Participation Criteria

Researchers look for people who fit a certain description, called eligibility criteria. Some examples of these criteria are a person's general health condition or prior treatments.

Eligibility Criteria

Ages Eligible for Study

18 years and older (Adult, Older Adult)

Accepts Healthy Volunteers

No

Description

INCLUSION CRITERIA:

  • Signed informed consent
  • HIV infection documented by a plasma HIV RNA viral load, rapid HIV test or any licensed* ELISA test; and confirmed by another test using a different method including but not limited to a rapid HIV test, Western Blot, HIV culture, HIV antigen, or HIV pro-viral DNA at any time prior to study entry.
  • Age greater than or equal to 18 years
  • Karnofsky performance score greater than or equal to 80 (an indication that the participant can perform normal activities)
  • Perceived life expectancy of at least 6 months
  • For women of child-bearing potential, willingness to use contraceptives as described in the product information of the ART drugs they are prescribed

  • Two CD4+ cell counts greater than 500 cells/mm(3) at least 2 weeks apart within 60 days before randomization

    • The term licensed refers to an FDA-approved kit or, for sites located in countries other than the United States, a kit that has been certified or licensed by an oversight body within that country. Confirmation of the initial test result must use a test method that is different than the one used for the initial assessment.

EXCLUSION CRITERIA:

  • Any previous use of ART or interleukin-2 (IL-2)
  • Diagnosis of any clinical AIDS event before randomization (including esophageal candidiasis and chronic Herpes simplex infection)
  • Presence of HIV progression such as oral thrush, unexplained weight loss, or unexplained fever
  • Cardiovascular event (myocardial infarction, angioplasty, coronary-artery bypass grafting, stroke) within 6 months before randomization
  • Non-AIDS-defining cancer, excluding basal and squamous cell skin cancer, within 6 months before randomization
  • Dialysis within 6 months before randomization
  • Diagnosis of decompensated liver disease before randomization
  • Current imprisonment, or compulsory detention (involuntary incarceration) for treatment of a psychiatric or physical illness
  • Current pregnancy or breastfeeding (a negative serum or urine pregnancy test is required within 14 days before randomization for women of child-bearing potential)

Study Plan

This section provides details of the study plan, including how the study is designed and what the study is measuring.

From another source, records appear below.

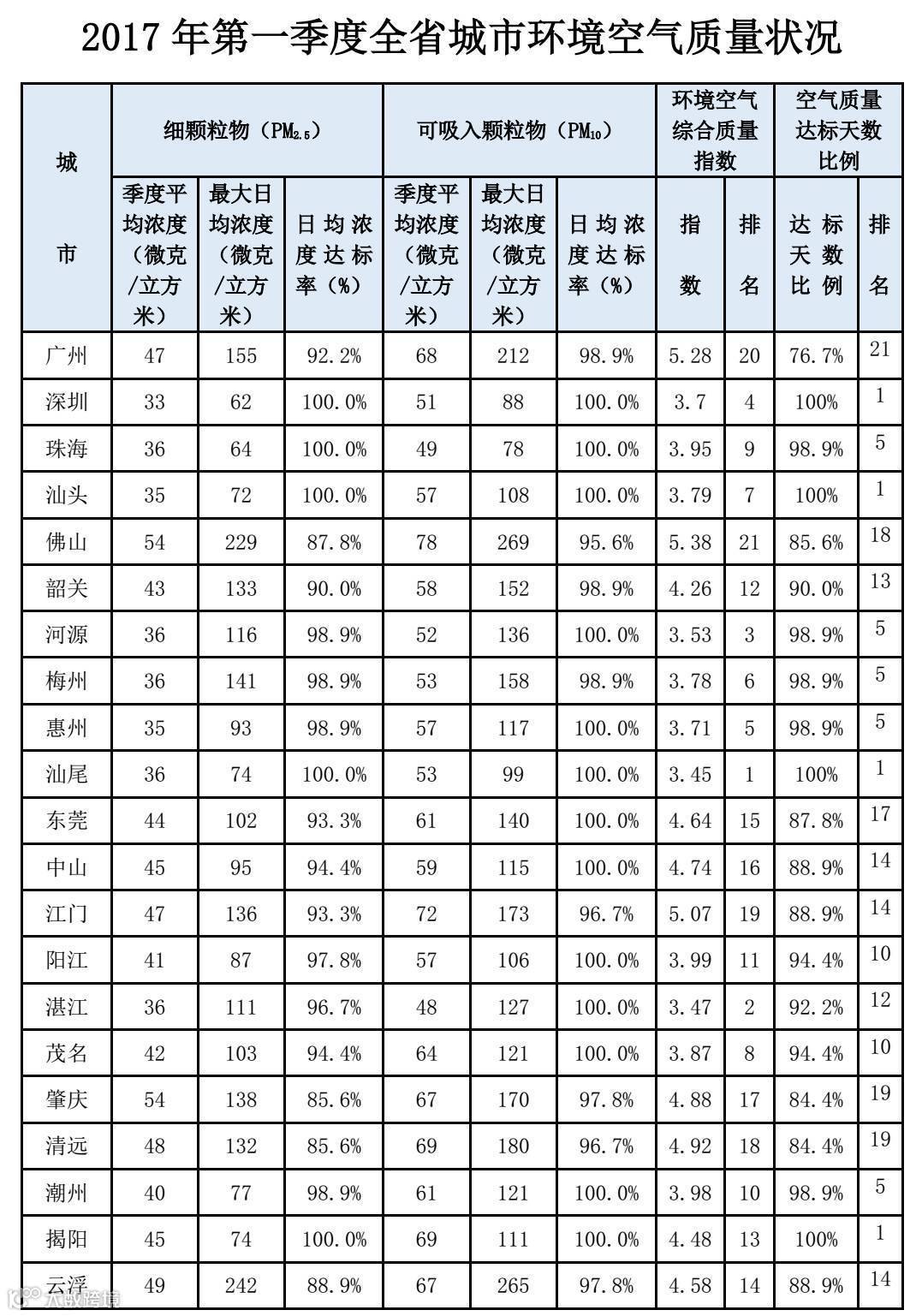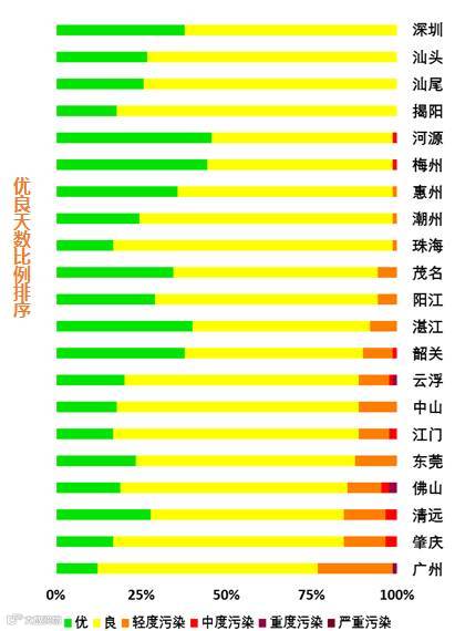 根据环境空气质量综合指数排名,我省各地级以上市排名依次为:汕尾、湛江、河源、深圳、惠州、梅州、汕头、茂名、珠海、潮州、阳江、韶关、揭阳、云浮、东莞、中山、肇庆、清远、江门、广州、佛山。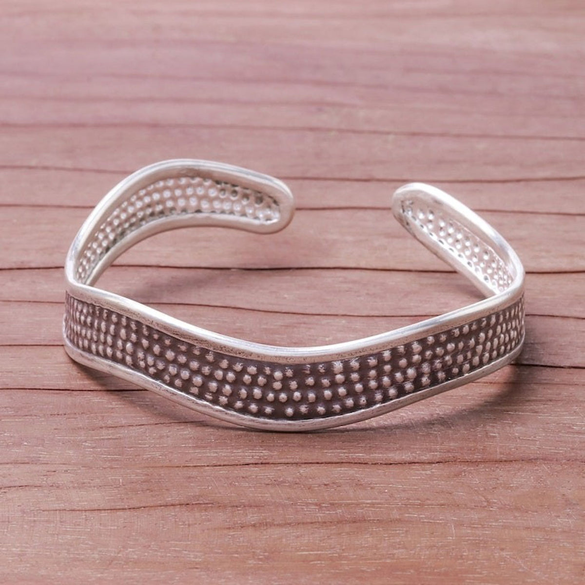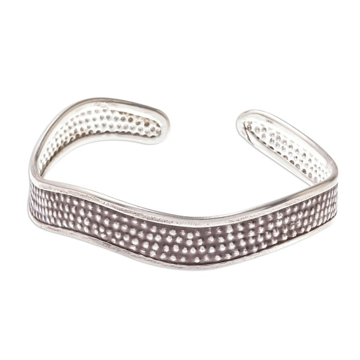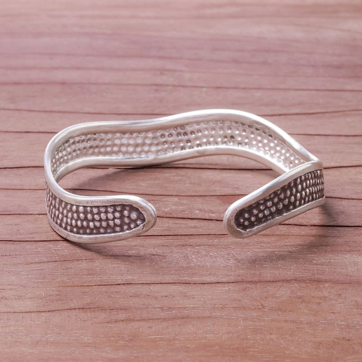 Handcrafted Karen Silver Textured Wave Cuff Bracelet 'Texture Wave'
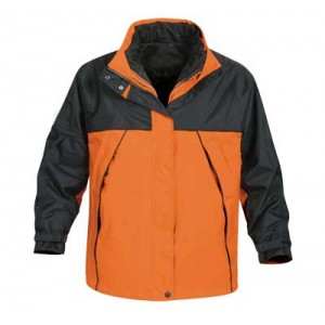 CHAMARRA CON DOS COLORES. NYLON Y POLIESTER, CIERRE Y BOTONES AL FRENTE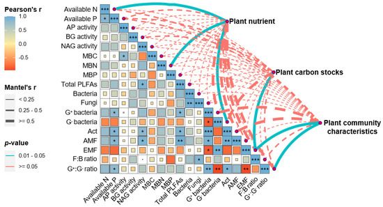 Correlation analysis of soil properties (available N and available P), soil enzyme activities (AP, BG, and NAG activities), microbial community (total PLFAs, bacteria, G+ bacteria, G− bacteria, fungi, Act, AMF, EMF, F:B ratio, and G+:G− ratio) with plant nutrient contents, plant carbon stocks, and plant community characteristics in Castanopsis hystrix plantation forests under the control and thinning treatments. *, **, and *** indicate that the significance level is at p < 0.05, p < 0.01, and p < 0.001, respectively. Total PLFAs, total phospholipid fatty acids; Act, actinomycete; AMF, arbuscular mycorrhizal fungi; EMF, ectomycorrhizal fungi; F:B ratio, fungi/bacteria ratio; G+:G− ratio, G+ bacteria/G− bacteria ratio.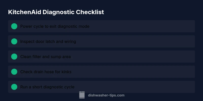 In a bustling kitchen, unresolved faults can stall a cycle, waste water, and leave dishes half-clean. For homeowners, understanding the kitchenaid dishwasher diagnostic mode is essential to avoid guesswork and prevent damage. This built-in self-test state surfaces fault codes, sensor readings, and system status, helping you distinguish transient glitches from persistent failures. According to Dishwasher Tips, recognizing this mode early saves time and money by guiding you to the correct fault family instead of chasing symptoms. The approach below uses a clear, repeatable sequence so you can decide whether a reset, a part replacement, or a service call is required. When you treat diagnostic mode as a tool—not a scare—you protect the appliance and your sanity.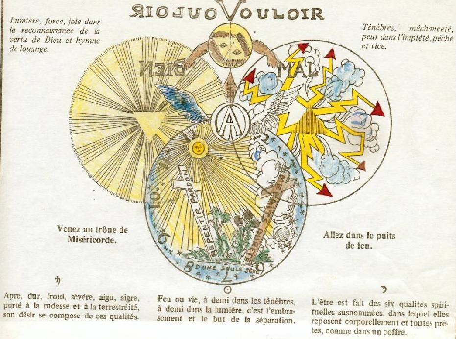 Que voyons-nous sur l'image?trois cercles :celui de droite : allez dans le puits de feu; cela ne vous rappelle-t-il pas quelque chose ce feu? dans le cercle du milieu, on apprend que ce feu ou VIE, est à demi dans les ténèbres; à demi dans la lumière; que nous dit la Bible : " la lumière brille dans les ténèbres, mais les ténèbres ne l'ont point reçue".Cette lumière est VIE; c'est le St Esprit, le Paraclet. C'est Elle qui nous apprend TOUT!Revenons au cercle du milieu; en bas on trouve l'inscription "d'une seule sève"; la sève , la semence, la vie.on y voit deux croix; une noire, une blanche; les Rose-Croix illustrèrent le double rôle et la faculté de la force sexuelle: elle conduit à la grâce ( cercle de gauche: l'inscription : "lumière, force, joie dans la reconnaissance de la vertu de Dieu et hymne de louange", à la conscience divine et à la sérénité ouou dans l'enfer :" l'enfer, à l'atrophie de la conscience de soi, à l'obscurité, à la peur et à la destruction; ( cercle de droite : "ténébres, méchanceté, peur dans l'impiété, péché et vice."Kundalini :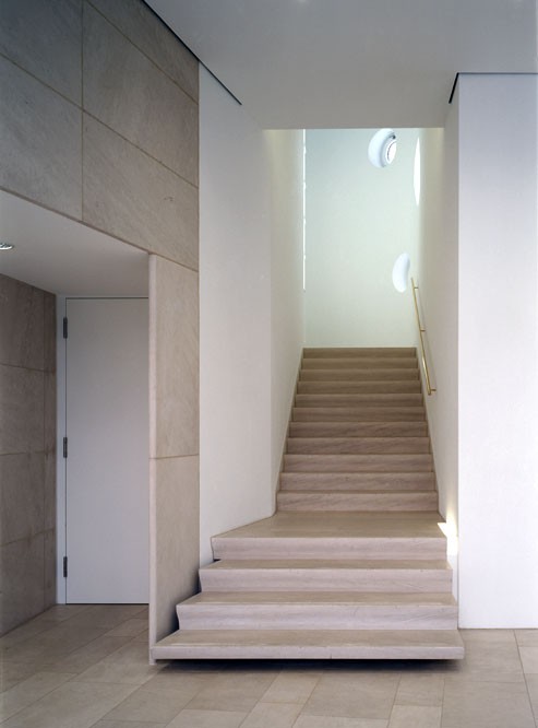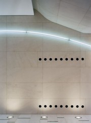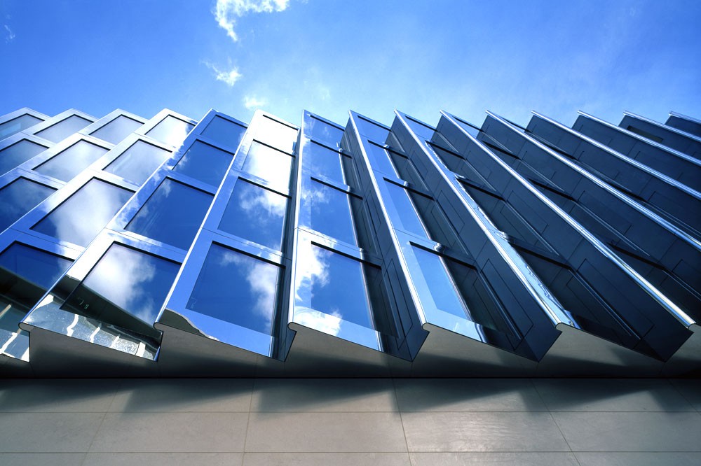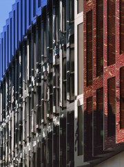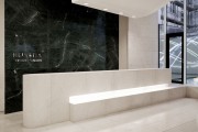 Das Gebäude ist mit hellem Kalkstein verkleidet, der auch im Eingangsbereich – an Boden, Wänden und Decke – Verwendung fand. Die neue Bürofassade aus poliertem Metall ist gefaltet. Im Westen weist sie eine geschosshohe Verglasung, im Osten geschlossene, schwarz beschichtete Lüftungsflügel auf.
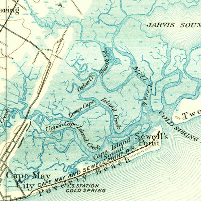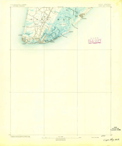 A 1893 historical topographic map of Cape May in New Jersey produced by the United States Geological Survey (USGS). It shows contour lines, place names, water bodies and roads. Map services and data available from U.S. Geological Survey, National Geospatial Program. Map was obtained from https://...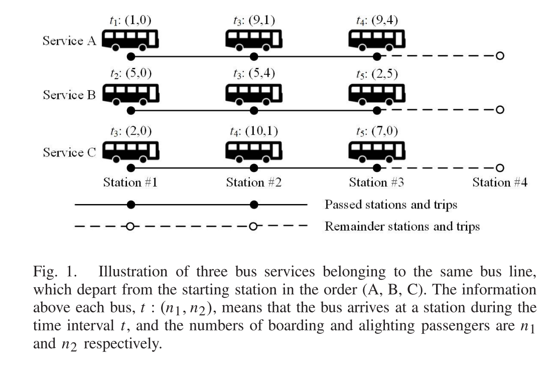 细粒公交服务级别的流量预测。也就是预测下一个短期间隔内通过每个车站的每个公交线路的每个服务的乘客总数。作者把研究目标从对站点级别对线路级别,提升到线路下不同公交服务(具体到线路上的哪一辆车)级别。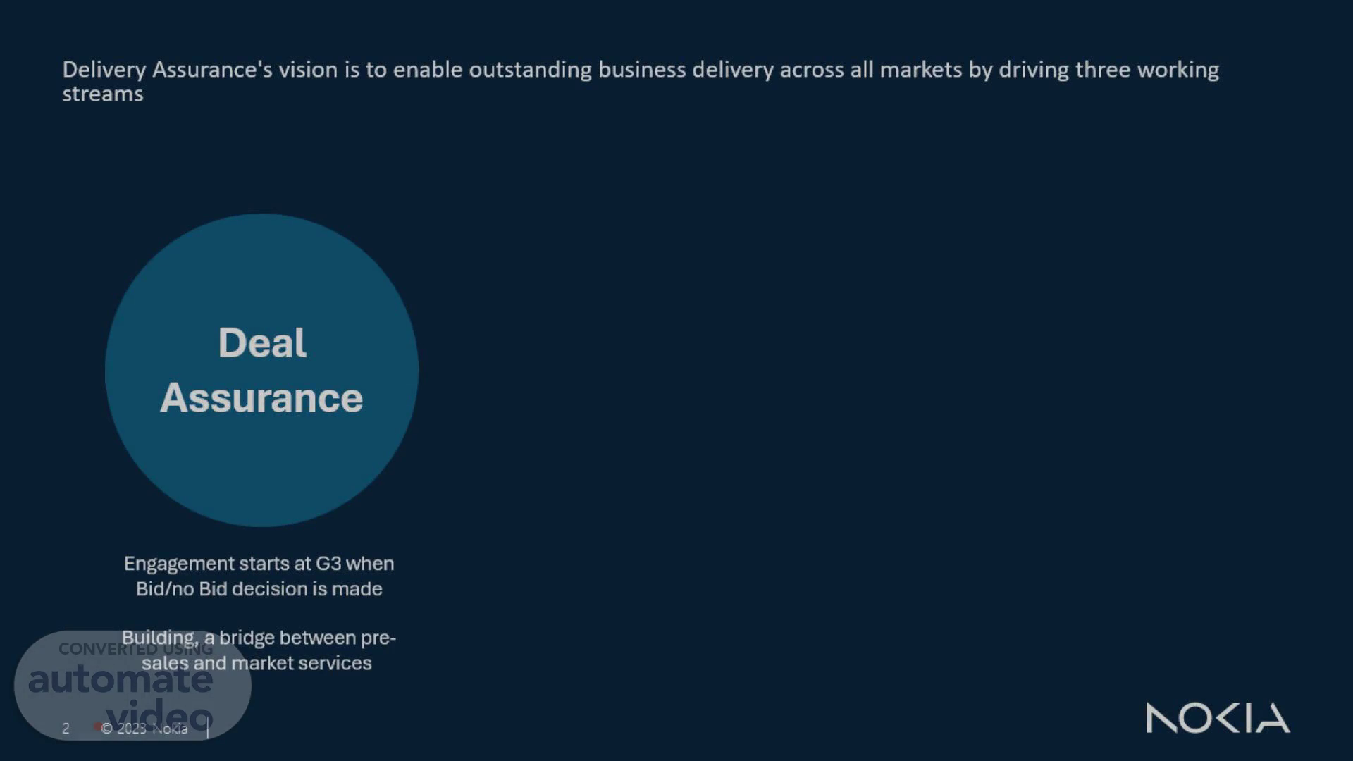 [Virtual Presenter] We are diving into Delivery Assurance and its pivotal role in enabling outstanding business delivery across all markets. Our vision for Delivery Assurance centers around driving three essential working streams. Firstly, we have Deal Assurance : This critical phase initiates at G3, coinciding with the Bid/no Bid decision-making process. Here, we meticulously evaluate opportunities to ensure strategic alignment and maximize our potential for success..

How is the study designed?

Design Details

  • Primary Purpose: Treatment
  • Allocation: Randomized
  • Interventional Model: Parallel Assignment
  • Masking: None (Open Label)

Arms and Interventions

Participant Group / Arm
Intervention / Treatment
Experimental: Early ART
Initiate ART immediately following randomization
Drug: All licensed antiretroviral medications
In both arms, participants may be prescribed any licensed antiretroviral medication, in accordance with national treatment guidelines. The nature of the intervention is the timing of when to begin treatment with these medications, as described in the two treatment arms.
Active Comparator: Deferred ART
Defer ART until the CD4+ count declines to <350 cells/cu mm or AIDS develops
Drug: All licensed antiretroviral medications
In both arms, participants may be prescribed any licensed antiretroviral medication, in accordance with national treatment guidelines. The nature of the intervention is the timing of when to begin treatment with these medications, as described in the two treatment arms.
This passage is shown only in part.